▼

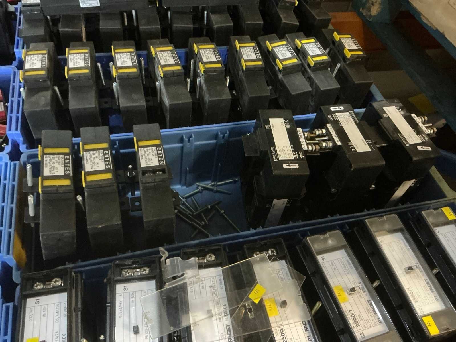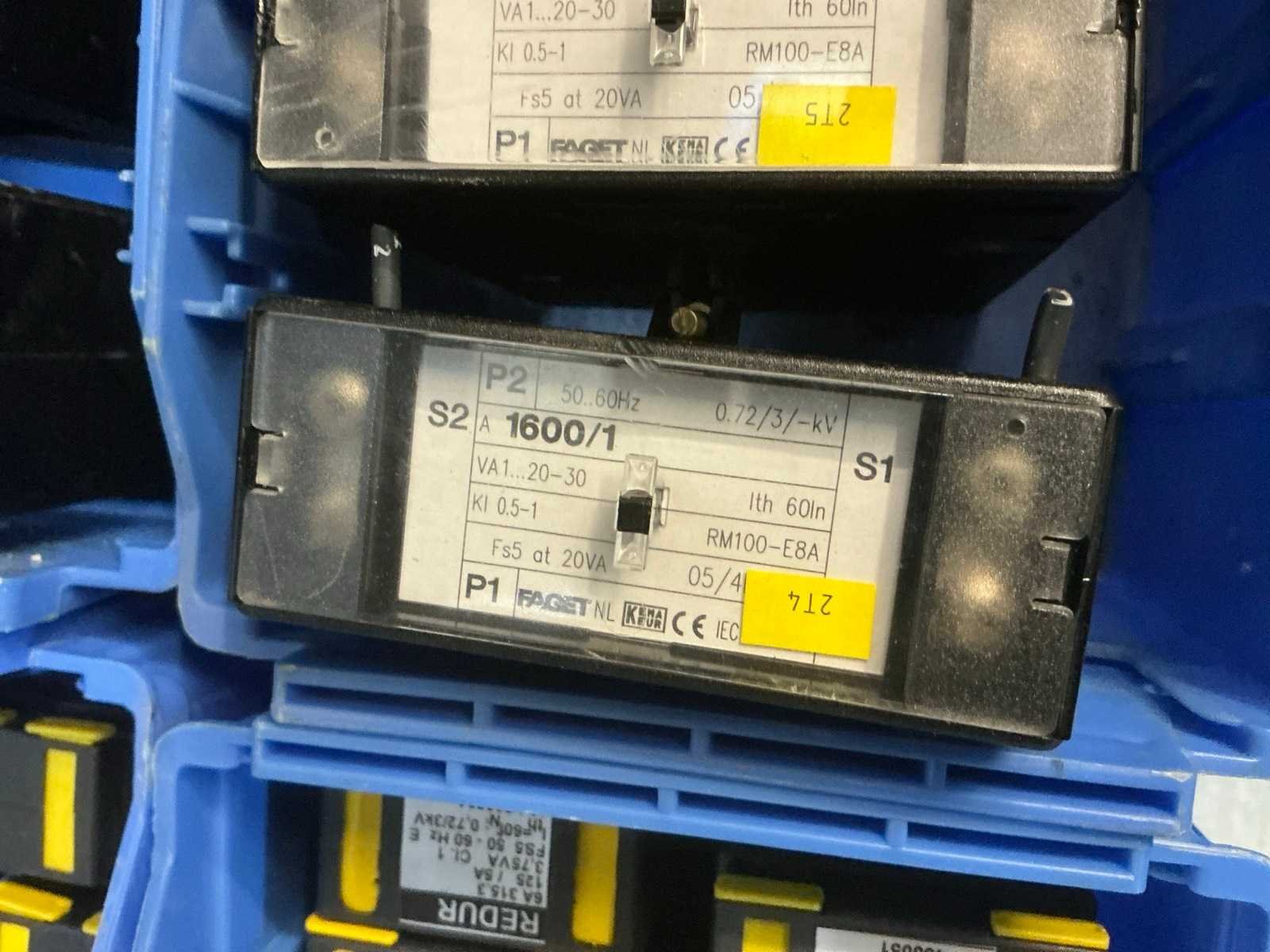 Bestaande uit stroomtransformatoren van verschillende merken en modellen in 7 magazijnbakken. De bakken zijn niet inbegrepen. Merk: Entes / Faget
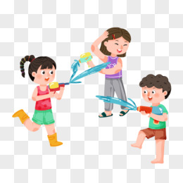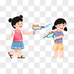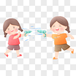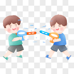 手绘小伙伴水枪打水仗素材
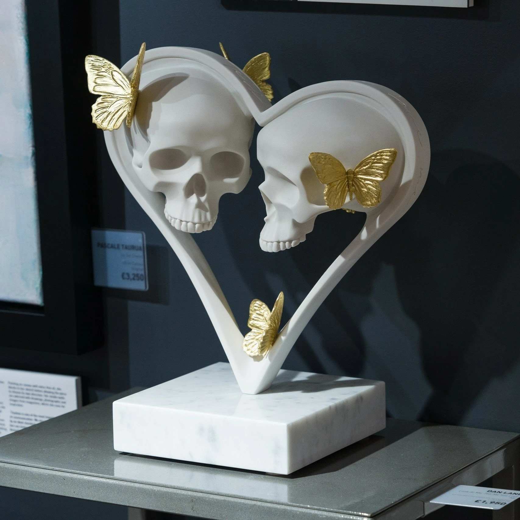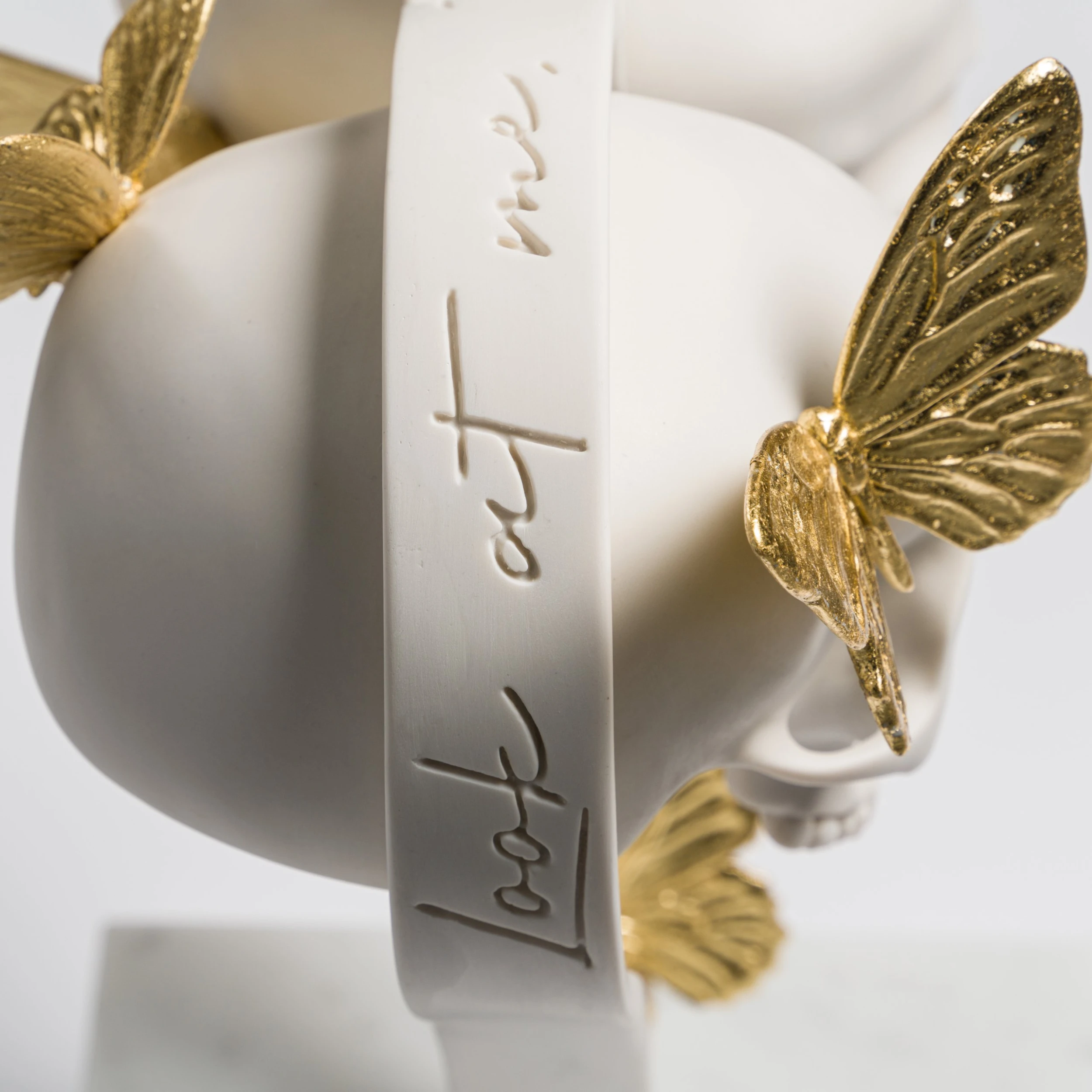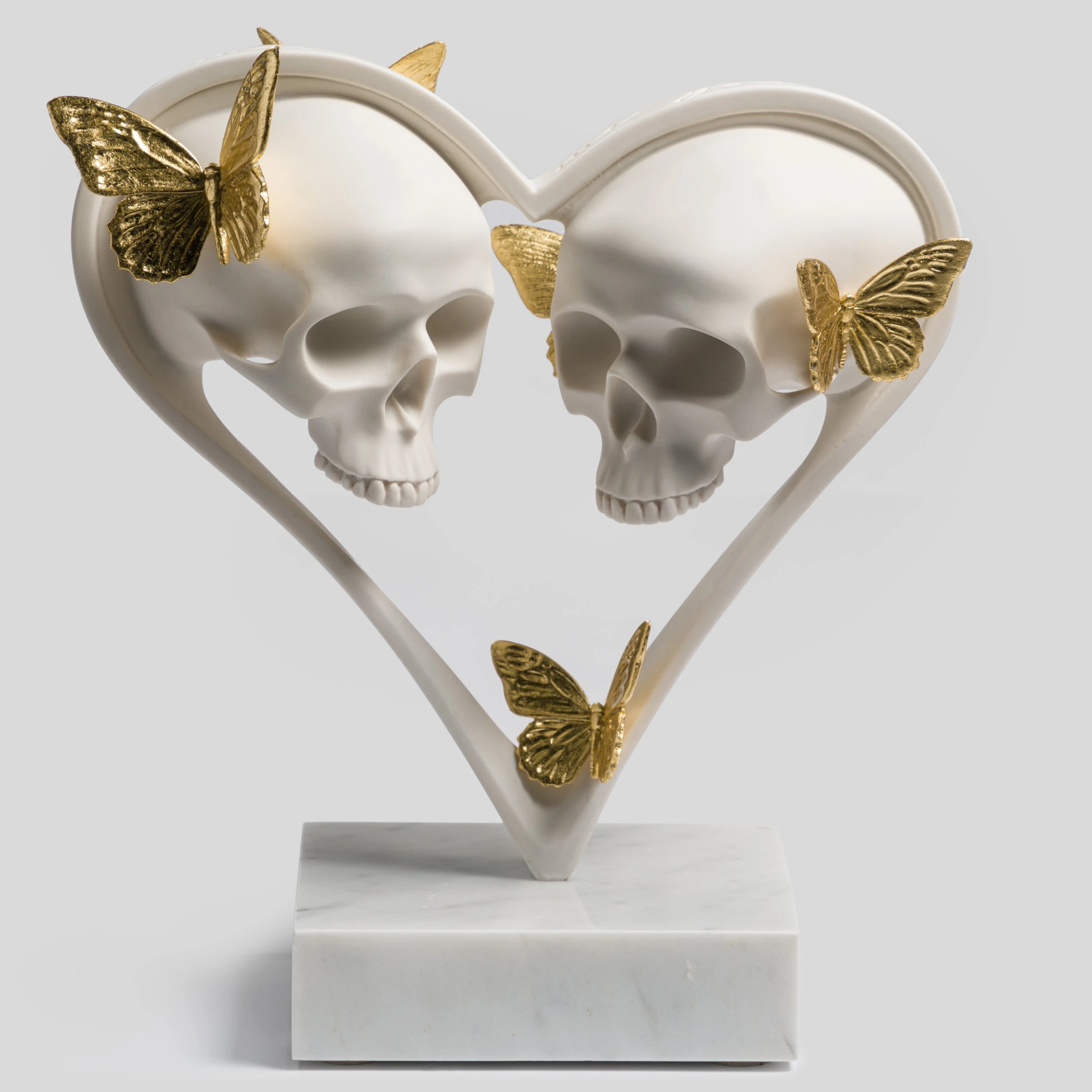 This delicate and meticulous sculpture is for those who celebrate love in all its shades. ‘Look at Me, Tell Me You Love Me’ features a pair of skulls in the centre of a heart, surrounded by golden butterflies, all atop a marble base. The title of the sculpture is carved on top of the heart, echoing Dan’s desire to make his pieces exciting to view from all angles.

▲

◆ **Instructions to follow**:
Could you return the whole listing exactly, images excluded?

◆ **Solved problem**:
 Bestaande uit stroomtransformatoren van verschillende merken en modellen in 7 magazijnbakken. De bakken zijn niet inbegrepen. Merk: Entes / Faget
 手绘小伙伴水枪打水仗素材
 This delicate and meticulous sculpture is for those who celebrate love in all its shades. ‘Look at Me, Tell Me You Love Me’ features a pair of skulls in the centre of a heart, surrounded by golden butterflies, all atop a marble base. The title of the sculpture is carved on top of the heart, echoing Dan’s desire to make his pieces exciting to view from all angles.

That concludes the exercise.